Plusieurs cadres arrivent à cette demi-finale en pleine confiance. Gabby Williams est probablement la Française la plus complète depuis le début de la compétition : 17,5 points, 5,3 rebonds, 3 passes et 2,5 interceptions de moyenne, avec 50 % à trois points. Elle a déjà montré à quel point elle pouvait changer un match sans forcément monopoliser le ballon, par sa défense, son activité et sa capacité à accélérer le jeu. À ses côtés, Marine Johannès tourne à 16,5 points et 3,8 passes en moins de 20 minutes de moyenne, avec 16 paniers primés en quatre rencontres et 48,5 % de réussite derrière l’arc. Une menace permanente, d’autant qu’elle vient de distribuer 7 passes décisives contre la Chine en quarts.
C’est peut-être là que se situe la grande force de cette équipe. Derrière ses deux stars, la production ne s’effondre pas. Janelle Salaün apporte 11,5 points et 5 rebonds de moyenne, tout en shootant à plus de 40 % à trois points. Dominique Malonga est déjà la meilleure rebondeuse française du tournoi avec 7,3 prises par match et apporte une dimension verticale qu’aucune autre intérieure des Bleues ne possède vraiment. Pauline Astier distribue 3,5 passes de moyenne, Valériane Ayayi peut peser dans tous les secteurs et Jean-Aimé Toupane possède suffisamment de profondeur pour changer complètement de cinq sans forcément faire chuter l’intensité.

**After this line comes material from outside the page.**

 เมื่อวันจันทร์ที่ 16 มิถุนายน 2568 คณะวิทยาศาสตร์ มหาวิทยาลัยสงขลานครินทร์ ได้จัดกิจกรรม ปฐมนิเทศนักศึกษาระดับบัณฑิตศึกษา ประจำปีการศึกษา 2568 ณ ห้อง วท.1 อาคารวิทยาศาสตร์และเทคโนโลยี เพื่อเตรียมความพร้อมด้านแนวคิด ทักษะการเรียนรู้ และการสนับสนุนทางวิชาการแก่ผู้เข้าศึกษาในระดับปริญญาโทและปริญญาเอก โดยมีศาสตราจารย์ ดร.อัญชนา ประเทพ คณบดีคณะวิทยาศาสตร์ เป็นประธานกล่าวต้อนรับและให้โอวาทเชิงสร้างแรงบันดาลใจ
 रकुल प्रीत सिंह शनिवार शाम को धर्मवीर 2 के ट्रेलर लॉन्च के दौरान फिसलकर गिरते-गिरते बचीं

La France pourra également s’appuyer sur une histoire récente très favorable face à l’Allemagne. Depuis l’arrivée de Jean-Aimé Toupane, les Bleues ont remporté leurs trois confrontations officielles contre les Allemandes : 58-50 à l’Euro 2023, 84-71 en quarts de finale des Jeux Olympiques de Paris et encore 85-63 au tournoi de qualification pour cette Coupe du monde, en mars dernier à Villeurbanne.

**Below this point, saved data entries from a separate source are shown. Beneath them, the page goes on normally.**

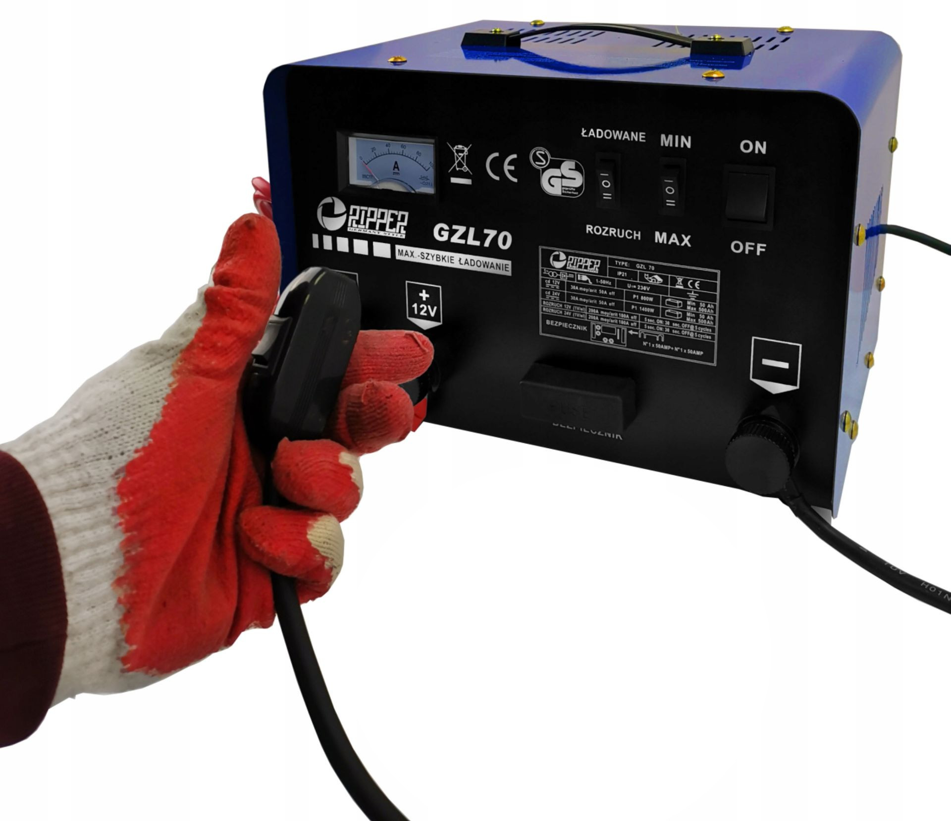 Niezwykle solidna i przemyślana konstrukcja, wyposażony w termiczny wyłącznik zabezpieczający przed uszkodzeniem, który rozłącza układ gdy przegrzeje się transformator i ponownie załącza po jego ostygnięciu. ROZRUCH STEROWANY Z PILOTA Prostownik posiada funkcję wspomagania rozruchu START, wystarczy ustawić prostownik na pozycję ROZRUCH i sterować pilotem wyposażonym w przełącznik na długim przewodzie. Szczytowy prąd rozruchu: 200A Rozruch do pojazdów/maszyn/urzadzeń wyposażonych w akumulatory 12V jak i 24!!! INTUICYJNY PANEL STEROWANIA ✅ Parametry techniczne: Prostownik posiada bezpieczniki, jeden zamontowany i 2 zapasowe Efektywne odprowadzanie ciepła jest bardzo ważne ze względu na nagrzewanie się prostowników podczas ładowania co może spowodować zapłon. Praktyczne rozwiązania ułatwiające codzienną pracę Prostownik został wyposażony w niezwykle przydatną rączkę za pomocą której możemy przenosić prostownik i ustawić go w dowolnym miejscu bez ryzyka ( poparzenia się, ubrudzenia , upuszczenia )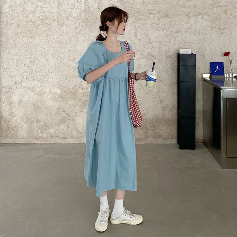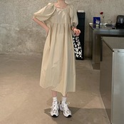 ワンピース フレアワンピース ロング ロング丈 アンクル丈 袖あり 半袖 ボリューム袖 パフスリーブ ラウンドネック フレア セミフレア Aライン リボン 大人可愛い きれいめ シンプル カジュアル 大人 上品 おしゃれ お洒落 かっこいい 大人女子 こなれ感 ラフ ラブリー キュート ガーリー 無地 春 夏 2022 2023 10代 20代 30代 女性用 キッズ 女の子 デート お出かけ 休日 ファッション コーデ スタイル 楽ちん M L XL 2XL パープル イエロー 水色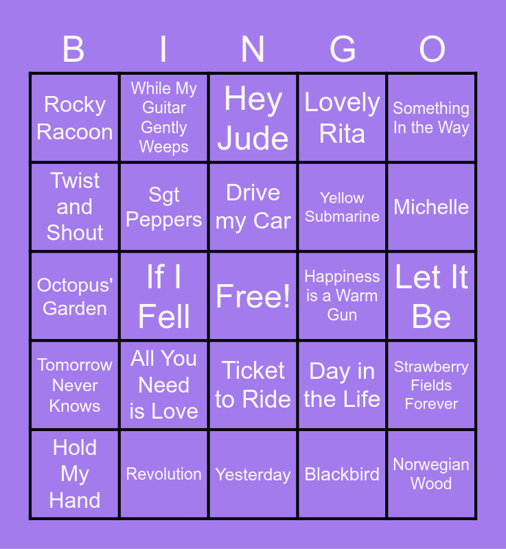 This bingo card has a free space and 24 words: All You Need is Love, Revolution, Drive my Car, Hold My Hand, Something In the Way, Rocky Racoon, Twist and Shout, While My Guitar Gently Weeps, Happiness is a Warm Gun, Ticket to Ride, Yellow Submarine, Octopus' Garden, Day in the Life, Strawberry Fields Forever, Sgt Peppers, Blackbird, Let It Be, Hey Jude, Michelle, If I Fell, Norwegian Wood, Tomorrow Never Knows, Lovely Rita and Yesterday.

Le souvenir de Paris est d’ailleurs intéressant puisque cette Allemagne-là avait déjà de sérieux arguments. La France avait pourtant réussi à faire exploser le match dans le deuxième quart-temps, avec notamment un récital de Marine Johannès : 24 points et cinq paniers à trois points. Gabby Williams avait ajouté 15 points, 6 rebonds et 5 passes. Deux ans plus tard, les deux moteurs offensifs français arrivent de nouveau lancés au moment de retrouver la sélection allemande.

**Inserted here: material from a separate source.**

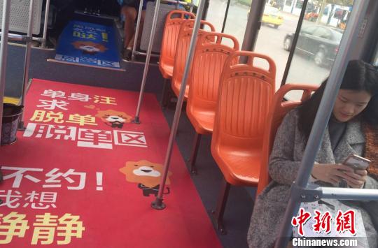 车厢内被分成了“颜值区”、“高冷区”、“脱单区”、“恩爱区”,在每个椅背后还印上了“单身汪求脱单”、“你不要担心,我不是什么坏人”、“我是女生”、“黑凤梨来,么么哒”等很逗趣诙谐的语句。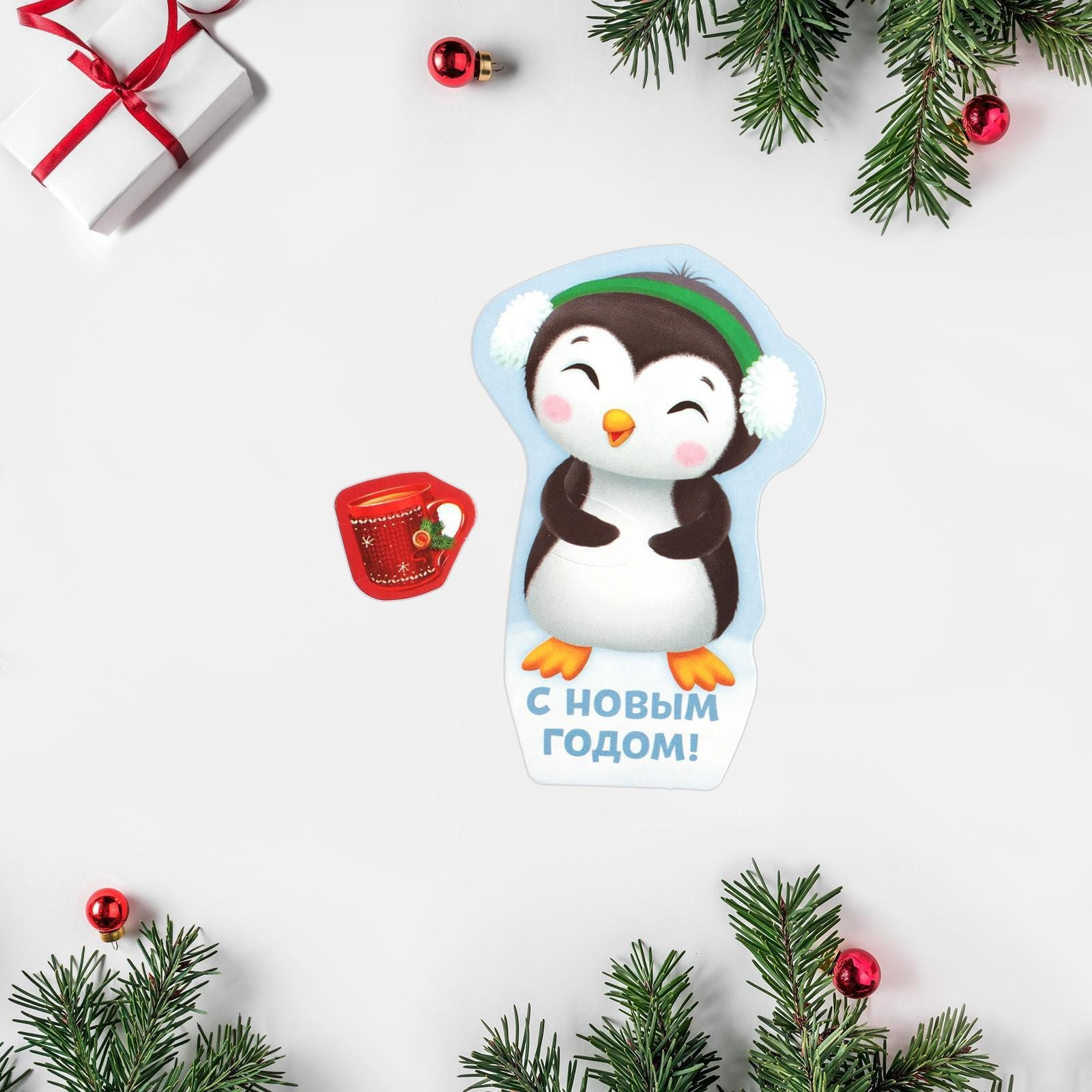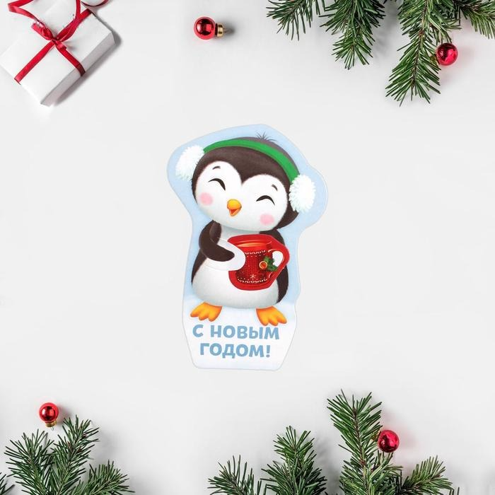 !09 Открытка поздравительная (набор 9 штук) «С Новым Годом!» пингвин, 6 × 9 см.

Cela ne garantit évidemment rien samedi. L’Allemagne joue chez elle, a grandi depuis Paris et vient de faire tomber la Belgique. Mais les Bleues n’abordent certainement pas cette demi-finale avec la seule obligation de se méfier. Elles ont aussi imposé depuis le début du tournoi un niveau de jeu qui oblige leurs adversaires à s’adapter à elles.
Rendez-vous samedi, à 16h30, sur les antennes du groupe TF1 et sur beIN Sports.